The original bin folder structure of the XML contained in the daynumber. Take the names of the bins and construct the same folder structure in the nk_output_dir (Day_00/R001/R001_C001 etc etc)
I also want to make a daynumber directory in the dnx_render_dir folder and a directory for each bin referencing a camera roll.
Based on if the clipname is starts with a R, G or C I want to be able to access that for selecting what kind of .nk to make.
I want the pathurl information for each bin that is referring to a clip and plug. I also want any <in> information if there is any for that clip. That way I can plug it into the read node information for my nuke gizmo.
I think once I figure out how to parse such a complicated xml tree I'll able to fuss and fumble the rest of the process.
I am just really struggling with finding examples of parsing an complicated XML file like this.
Whenever faced with a complex XML, consider an XSLT script to transform your XML into a simpler structure. As information, XSLT is a special-purpose, declarative language (same type as SQL) designed to transform XML into various structures for end use needs. Python like other general purpose languages maintains an XSLT processor, specifically in its lxml module.
While this transformation does not address your entire needs, you can parse the simpler structure for your Nuke application needs. Directories and names are simplified and labeled for daynumber, rollnumber, shotnames, and clip with pathurls.
XSLT script (save as .xsl or .xslt to be referenced in .py script below)

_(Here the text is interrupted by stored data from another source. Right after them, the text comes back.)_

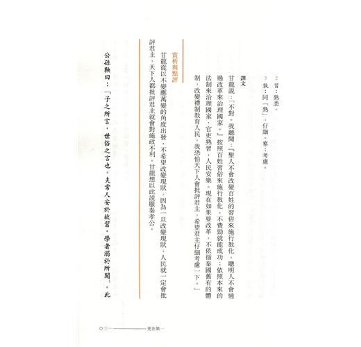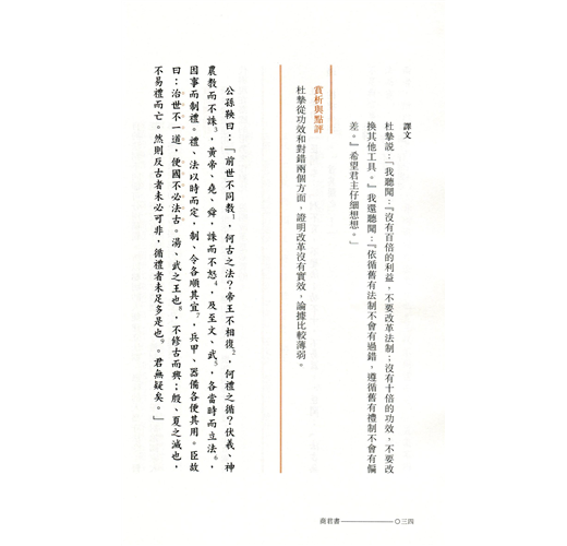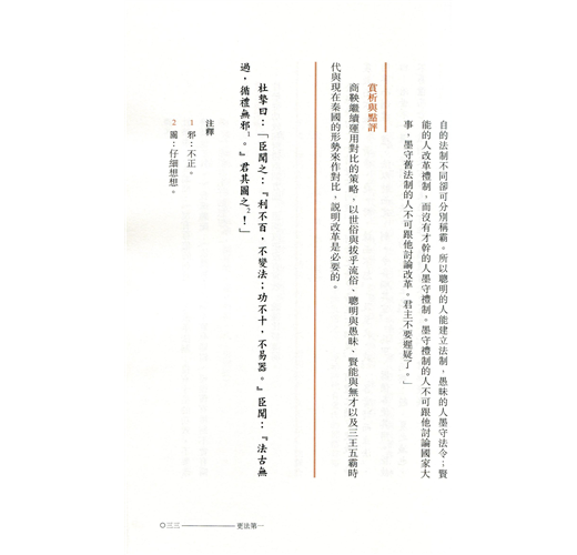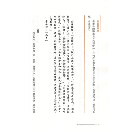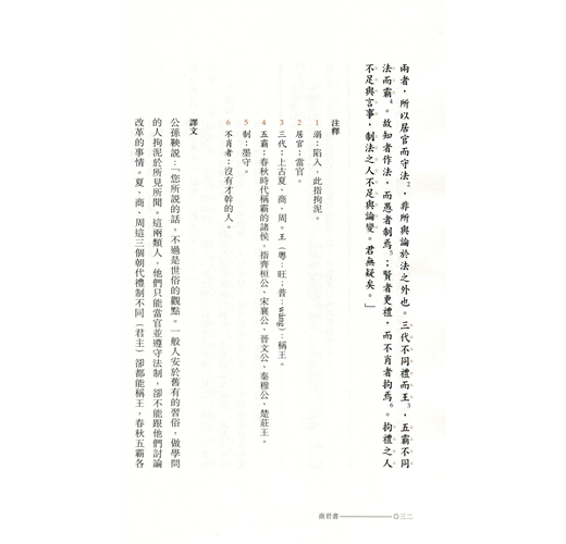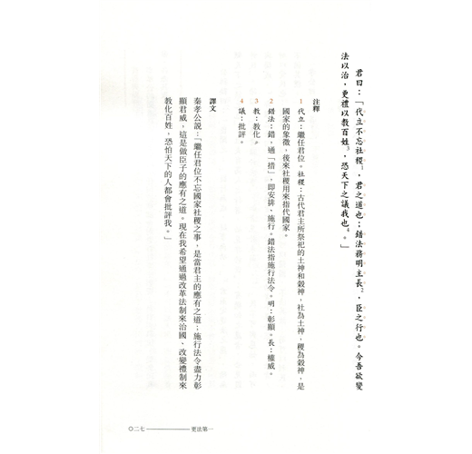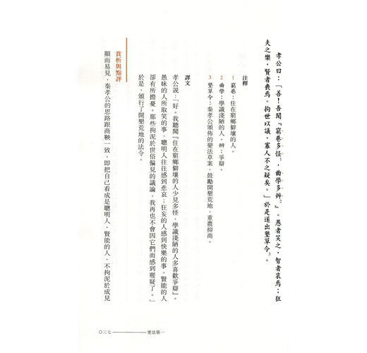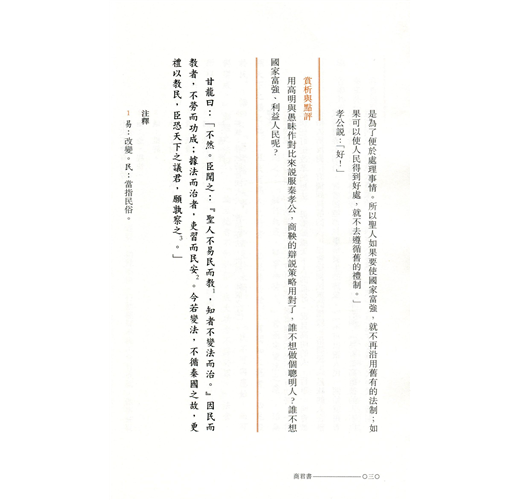 《商君書》所談及的治國原則、策略與方法,與現代管理亦有相通之處。是書雖然主要着墨於國家事務,面向的讀者對象卻不僅限於帝王。書中涉及的政府立法、行政等,對執法官員也是適用的,可釐清管治的內涵,以實現有效管理。閱讀《商君書》即可了解古代中國人的管理思維和整個管理體系在國家政治中的落實。
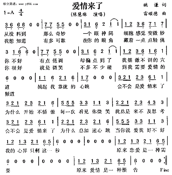 从没料到那么奇妙一个眼神间细胞感觉变微妙 你不好有点低调却偏偏点到了我桀傲不逊的穴道 挑起我想靠陇的心跳(这完全出乎我意料) 会不会是爱情来了为甚么开始不骄傲每一次看见你微笑 我总是来不及思考会不会是爱情来了为甚么总加速心跳 当你说爱我好不好我的世界只剩这一秒 i wonna take you by surprise forever原来恋爱是一种需要 i wonna take you by surprise forever原来爱情是一种预告 (爱情来了)我想知道有多可靠在你的眼角藏着一点点轻挑 你很好就是微笑不多不少碰到我需要爱情的频道 挑起我想靠陇的心跳(这完全出乎我意料) 会不会是爱情来了为甚么开始不骄傲每一次看见你微笑 我总是来不及思考会不会是爱情来了为甚么总加速心跳 当你说爱我好不好我的世界只剩这一秒 原来恋爱是一种需要 原来爱情是一种预告 挑起我想靠陇的心跳(这完全出乎我意料) 会不会是爱情来了为甚么开始不骄傲每一次看见你微笑 我总是来不及思考会不会是爱情来了为甚么总加速心跳 当你说爱我好不好我的世界只剩这一秒 i wonna take you by surprise forever原来恋爱是一种需要 i wonna take you by surprise forever原来爱情是一种预告 |
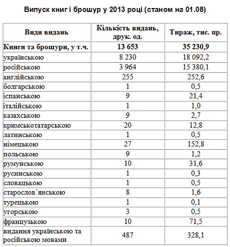 За первое полугодие 2013 года общий тираж изданных на украинском языке книг и брошюр составил 14 миллионов 319 тысяч экземпляров (50,07% от общего количества, которое составляет 28 миллионов 598 тысяч), а на русском – 12 миллионов 983 тысячи экземпляров (45,40%).
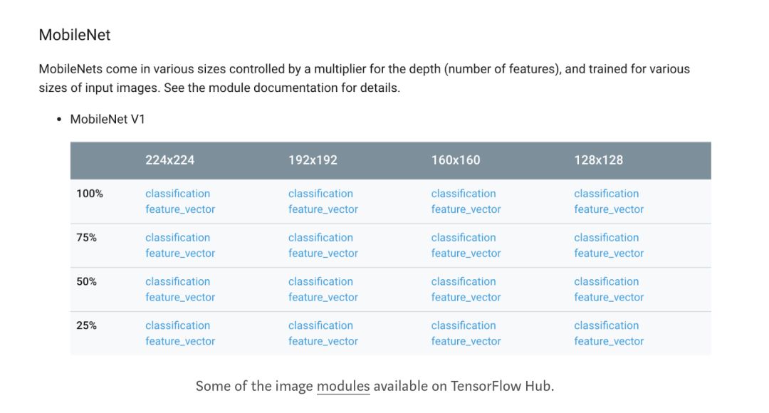 TensorFlow Hub 上有多种模块供您选择,包括 NASNet,MobileNet(包括最近的 V2),Inception,ResNet 等。要使用模块,请导入 TensorFlow Hub,然后将模块的 URL 复制/粘贴到代码中。
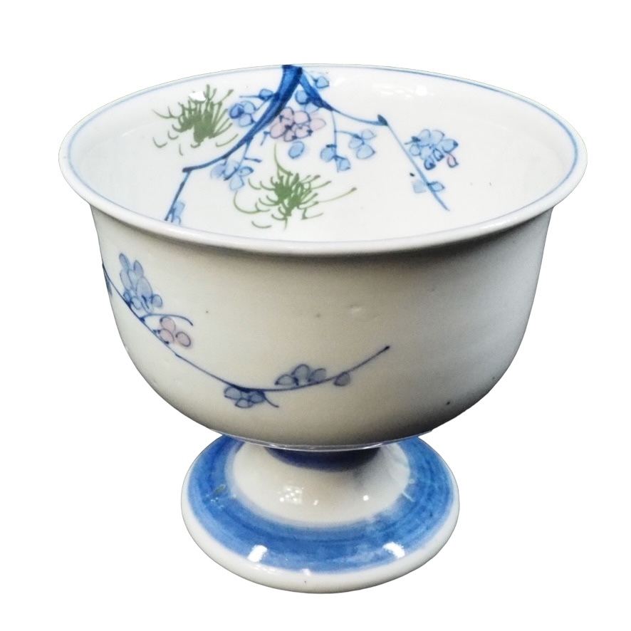 - 大正〜昭和初期ビンテージ 有田焼 陶器製 手描き 染付桜文盃洗 染付 盃 TEF609
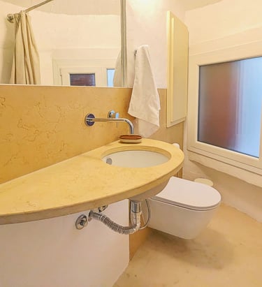 Both bathrooms have additional small windows connecting with the exterior to provide natural light while maintaining the intimate atmosphere of your personal retreat.
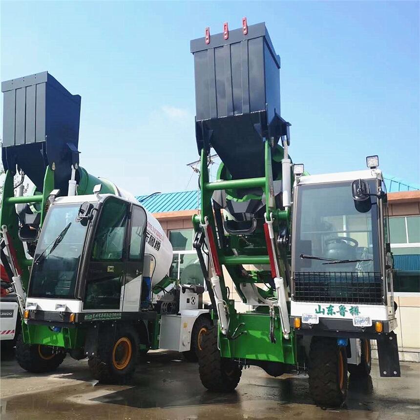 “重型”球形鞍座上安装的反力架可以 270°液压旋转,并且通过液压式制动器自动锁止。滚筒旋转通过齿轮泵和开路中的摆线液压马达实现,在操作室内和搅拌机后部拥有手动电气阀。滚筒通过 2 个双作用千斤顶升至水平位置。
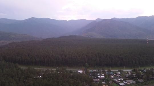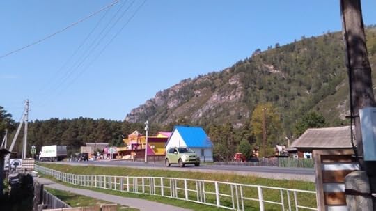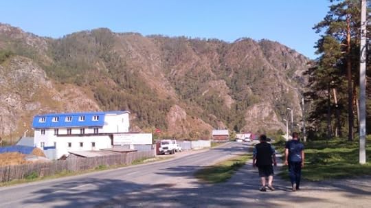 К счастью, живописные горы, а также Катунь отвлекают нас от чемальской архитектуры, рекламы и всего того, что хрустит у нас под ногами.

<xsl:transform xmlns:xsl="http://www.w3.org/1999/XSL/Transform" version="1.0">
<xsl:output version="1.0" encoding="UTF-8" indent="yes" />
<xsl:strip-space elements="*"/>
<xsl:key name="idkey" match="ctype" use="#id" />
<xsl:template match="/">
<root>
<xsl:apply-templates select="*"/>
</root>
</xsl:template>
<xsl:template match="xmeml/bin">
<daynumber><xsl:value-of select="name"/></daynumber>
<xsl:apply-templates select="children/bin"/>
</xsl:template>
<xsl:template match="xmeml/bin/children/bin">
<roll>
<rollnumber><xsl:value-of select="name"/></rollnumber>
<rollnumberdir><xsl:value-of select="concat(ancestor::bin/name,
'/', name)"/></rollnumberdir>
<xsl:apply-templates select="children/bin"/>
</roll>
</xsl:template>
<xsl:template match="xmeml/bin/children/bin/children/bin">
<shot>
<shotname><xsl:value-of select="name"/></shotname>
<shotnamedir><xsl:value-of select="concat(/xmeml/bin/name, '/',
/xmeml/bin/children/bin/name, '/', name)"/></shotnamedir>
<xsl:apply-templates select="descendant::clip[position() < 4]"/>
</shot>
</xsl:template>
<xsl:template match="clip">
<clip>
<clipname><xsl:value-of select="descendant::name"/></clipname>
<xsl:copy-of select="in"/>
<pathurl><xsl:value-of select="descendant::pathurl"/></pathurl>
</clip>
</xsl:template>
</xsl:transform>
Python script (transform, parse, and export simpler structure)
#!/usr/bin/python
import lxml.etree as ET
# LOAD INPUT XML AND XSLT
dom = ET.parse('Input.xml'))
xslt = ET.parse('XSLTScript.xsl')
# TRANSFORM XML (SIMPLER NEWDOM CAN BE FURTHER PARSED: ITER(), FINDALL(), XPATH())
transform = ET.XSLT(xslt)
newdom = transform(dom)
# XPATH EXPRESSIONS (LIST OUTPUTS)
daynumber = newdom.xpath('//daynumber/text()')
# ['Day_00']
rolls = newdom.xpath('//rollnumber/text()')
# ['R001', 'R002']
shots = newdom.xpath('//shotname/text()')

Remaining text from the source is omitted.